Assigned task: From the first line to the last, retype everything below exactly, minus the pictures.

Recorded information:

++++++++

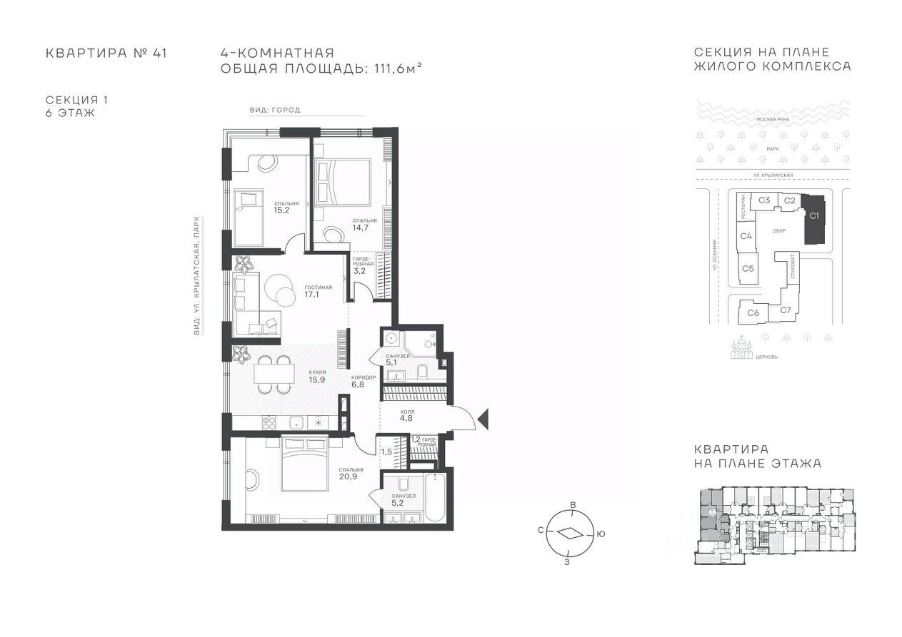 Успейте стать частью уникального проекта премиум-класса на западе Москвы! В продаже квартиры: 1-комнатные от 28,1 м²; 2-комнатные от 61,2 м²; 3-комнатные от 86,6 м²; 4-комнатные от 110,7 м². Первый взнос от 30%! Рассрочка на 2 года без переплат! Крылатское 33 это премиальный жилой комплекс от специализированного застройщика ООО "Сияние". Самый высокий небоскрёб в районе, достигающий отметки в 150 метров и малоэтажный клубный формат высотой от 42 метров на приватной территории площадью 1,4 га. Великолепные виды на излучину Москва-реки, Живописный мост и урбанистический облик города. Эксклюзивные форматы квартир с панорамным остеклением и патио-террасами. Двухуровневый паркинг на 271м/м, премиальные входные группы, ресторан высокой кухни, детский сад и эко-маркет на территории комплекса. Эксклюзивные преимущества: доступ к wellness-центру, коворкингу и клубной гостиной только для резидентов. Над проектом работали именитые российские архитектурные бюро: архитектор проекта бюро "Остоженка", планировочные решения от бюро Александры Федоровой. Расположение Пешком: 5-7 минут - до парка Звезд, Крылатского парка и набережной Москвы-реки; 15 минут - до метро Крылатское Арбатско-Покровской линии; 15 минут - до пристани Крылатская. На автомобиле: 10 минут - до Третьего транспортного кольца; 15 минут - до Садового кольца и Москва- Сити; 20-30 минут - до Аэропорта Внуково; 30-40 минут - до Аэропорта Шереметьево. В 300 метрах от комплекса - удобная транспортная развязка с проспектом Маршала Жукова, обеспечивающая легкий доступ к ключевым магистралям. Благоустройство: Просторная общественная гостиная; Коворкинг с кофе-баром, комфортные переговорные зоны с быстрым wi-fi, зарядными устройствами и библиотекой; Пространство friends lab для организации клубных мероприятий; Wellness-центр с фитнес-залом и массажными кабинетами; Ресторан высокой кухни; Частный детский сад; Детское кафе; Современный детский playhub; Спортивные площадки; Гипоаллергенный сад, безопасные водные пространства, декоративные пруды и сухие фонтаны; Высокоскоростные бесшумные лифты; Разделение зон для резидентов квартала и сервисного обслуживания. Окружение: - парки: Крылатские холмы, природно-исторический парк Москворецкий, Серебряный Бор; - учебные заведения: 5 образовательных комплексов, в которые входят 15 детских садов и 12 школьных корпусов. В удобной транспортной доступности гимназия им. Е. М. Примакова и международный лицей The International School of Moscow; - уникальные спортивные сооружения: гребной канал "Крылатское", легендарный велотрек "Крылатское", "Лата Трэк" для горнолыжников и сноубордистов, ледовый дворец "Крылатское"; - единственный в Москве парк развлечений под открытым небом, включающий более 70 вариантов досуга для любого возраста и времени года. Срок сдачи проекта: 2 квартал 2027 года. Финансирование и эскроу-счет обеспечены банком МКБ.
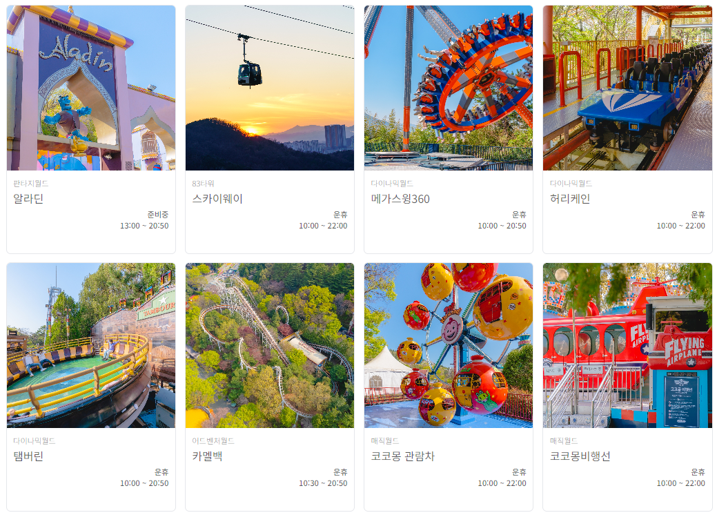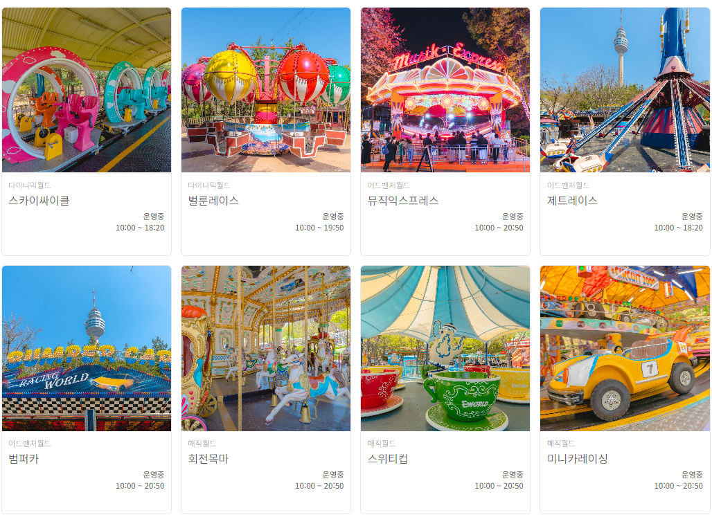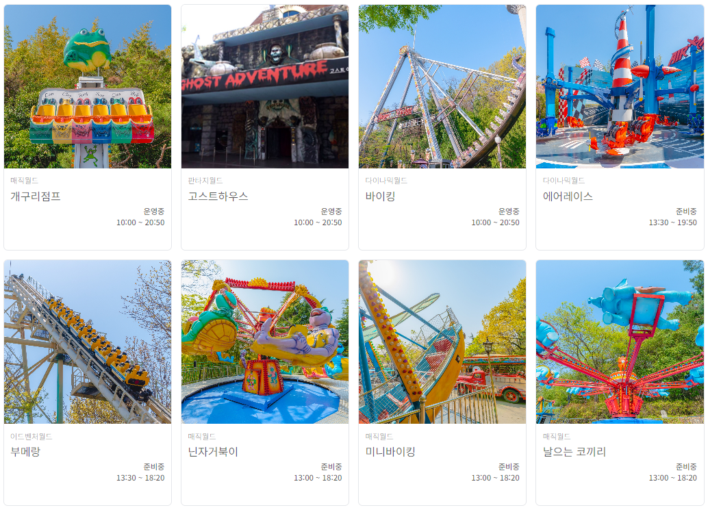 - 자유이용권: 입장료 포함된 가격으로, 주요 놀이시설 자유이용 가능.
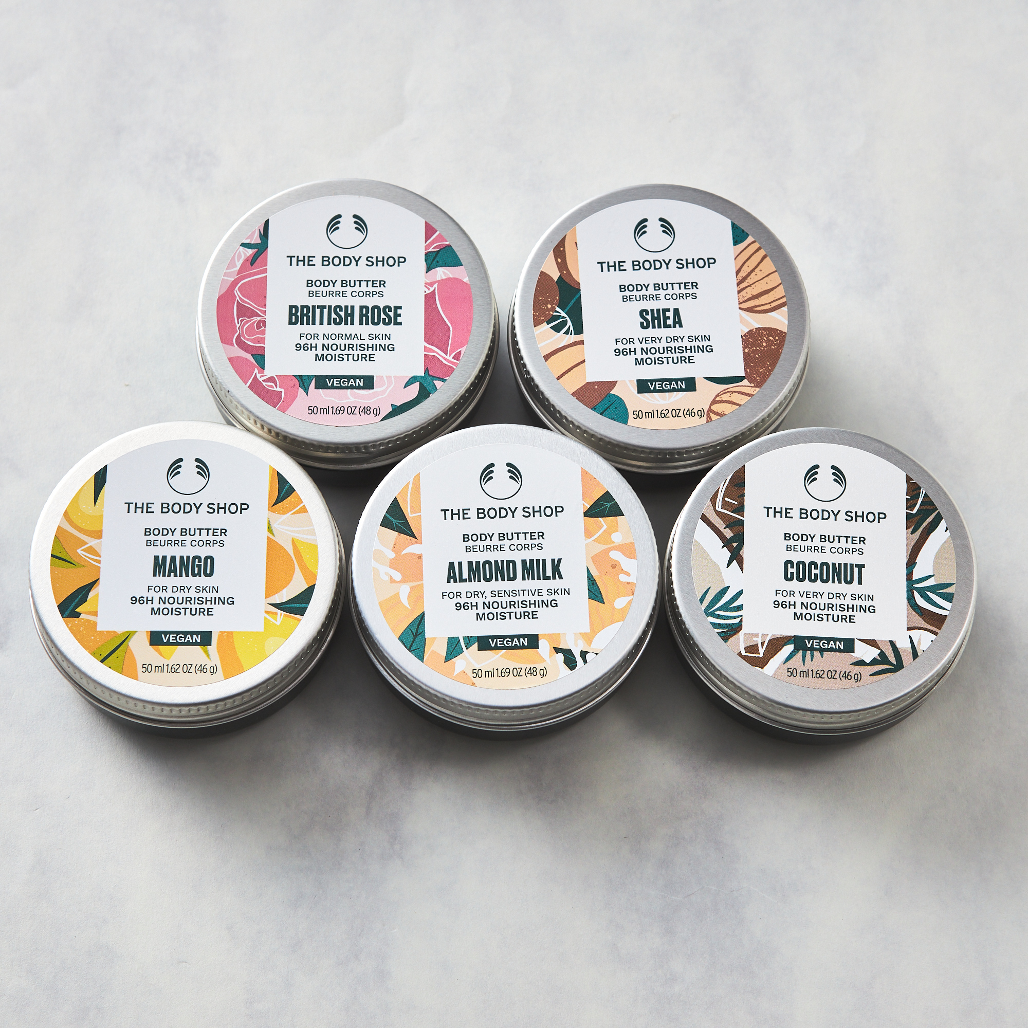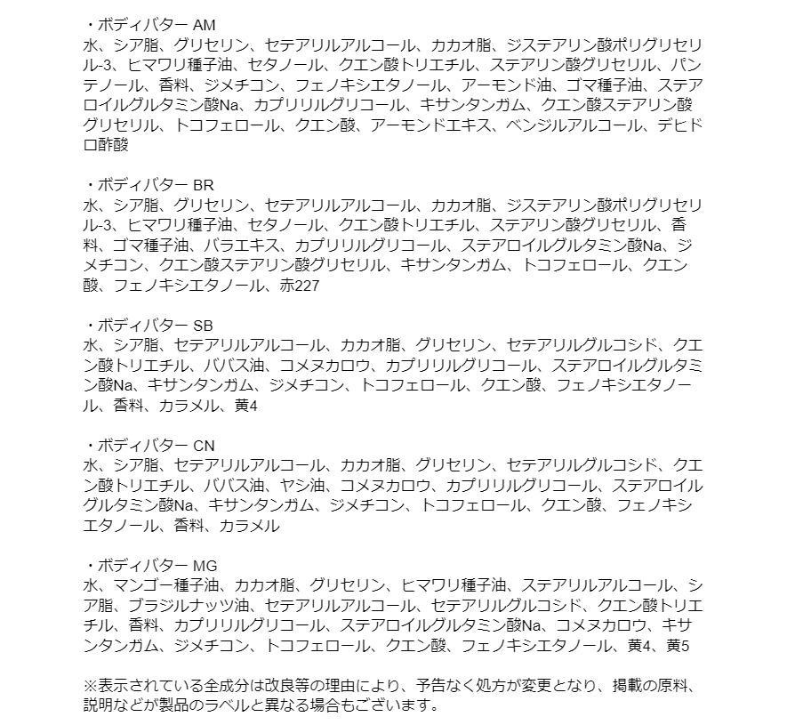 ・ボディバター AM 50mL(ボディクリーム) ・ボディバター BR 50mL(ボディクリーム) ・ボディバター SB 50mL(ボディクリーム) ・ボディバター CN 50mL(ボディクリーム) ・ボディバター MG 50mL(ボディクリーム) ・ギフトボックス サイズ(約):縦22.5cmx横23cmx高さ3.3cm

++++++++

Task result:
 Успейте стать частью уникального проекта премиум-класса на западе Москвы! В продаже квартиры: 1-комнатные от 28,1 м²; 2-комнатные от 61,2 м²; 3-комнатные от 86,6 м²; 4-комнатные от 110,7 м². Первый взнос от 30%! Рассрочка на 2 года без переплат! Крылатское 33 это премиальный жилой комплекс от специализированного застройщика ООО "Сияние". Самый высокий небоскрёб в районе, достигающий отметки в 150 метров и малоэтажный клубный формат высотой от 42 метров на приватной территории площадью 1,4 га. Великолепные виды на излучину Москва-реки, Живописный мост и урбанистический облик города. Эксклюзивные форматы квартир с панорамным остеклением и патио-террасами. Двухуровневый паркинг на 271м/м, премиальные входные группы, ресторан высокой кухни, детский сад и эко-маркет на территории комплекса. Эксклюзивные преимущества: доступ к wellness-центру, коворкингу и клубной гостиной только для резидентов. Над проектом работали именитые российские архитектурные бюро: архитектор проекта бюро "Остоженка", планировочные решения от бюро Александры Федоровой. Расположение Пешком: 5-7 минут - до парка Звезд, Крылатского парка и набережной Москвы-реки; 15 минут - до метро Крылатское Арбатско-Покровской линии; 15 минут - до пристани Крылатская. На автомобиле: 10 минут - до Третьего транспортного кольца; 15 минут - до Садового кольца и Москва- Сити; 20-30 минут - до Аэропорта Внуково; 30-40 минут - до Аэропорта Шереметьево. В 300 метрах от комплекса - удобная транспортная развязка с проспектом Маршала Жукова, обеспечивающая легкий доступ к ключевым магистралям. Благоустройство: Просторная общественная гостиная; Коворкинг с кофе-баром, комфортные переговорные зоны с быстрым wi-fi, зарядными устройствами и библиотекой; Пространство friends lab для организации клубных мероприятий; Wellness-центр с фитнес-залом и массажными кабинетами; Ресторан высокой кухни; Частный детский сад; Детское кафе; Современный детский playhub; Спортивные площадки; Гипоаллергенный сад, безопасные водные пространства, декоративные пруды и сухие фонтаны; Высокоскоростные бесшумные лифты; Разделение зон для резидентов квартала и сервисного обслуживания. Окружение: - парки: Крылатские холмы, природно-исторический парк Москворецкий, Серебряный Бор; - учебные заведения: 5 образовательных комплексов, в которые входят 15 детских садов и 12 школьных корпусов. В удобной транспортной доступности гимназия им. Е. М. Примакова и международный лицей The International School of Moscow; - уникальные спортивные сооружения: гребной канал "Крылатское", легендарный велотрек "Крылатское", "Лата Трэк" для горнолыжников и сноубордистов, ледовый дворец "Крылатское"; - единственный в Москве парк развлечений под открытым небом, включающий более 70 вариантов досуга для любого возраста и времени года. Срок сдачи проекта: 2 квартал 2027 года. Финансирование и эскроу-счет обеспечены банком МКБ.
 - 자유이용권: 입장료 포함된 가격으로, 주요 놀이시설 자유이용 가능.
 ・ボディバター AM 50mL(ボディクリーム) ・ボディバター BR 50mL(ボディクリーム) ・ボディバター SB 50mL(ボディクリーム) ・ボディバター CN 50mL(ボディクリーム) ・ボディバター MG 50mL(ボディクリーム) ・ギフトボックス サイズ(約):縦22.5cmx横23cmx高さ3.3cm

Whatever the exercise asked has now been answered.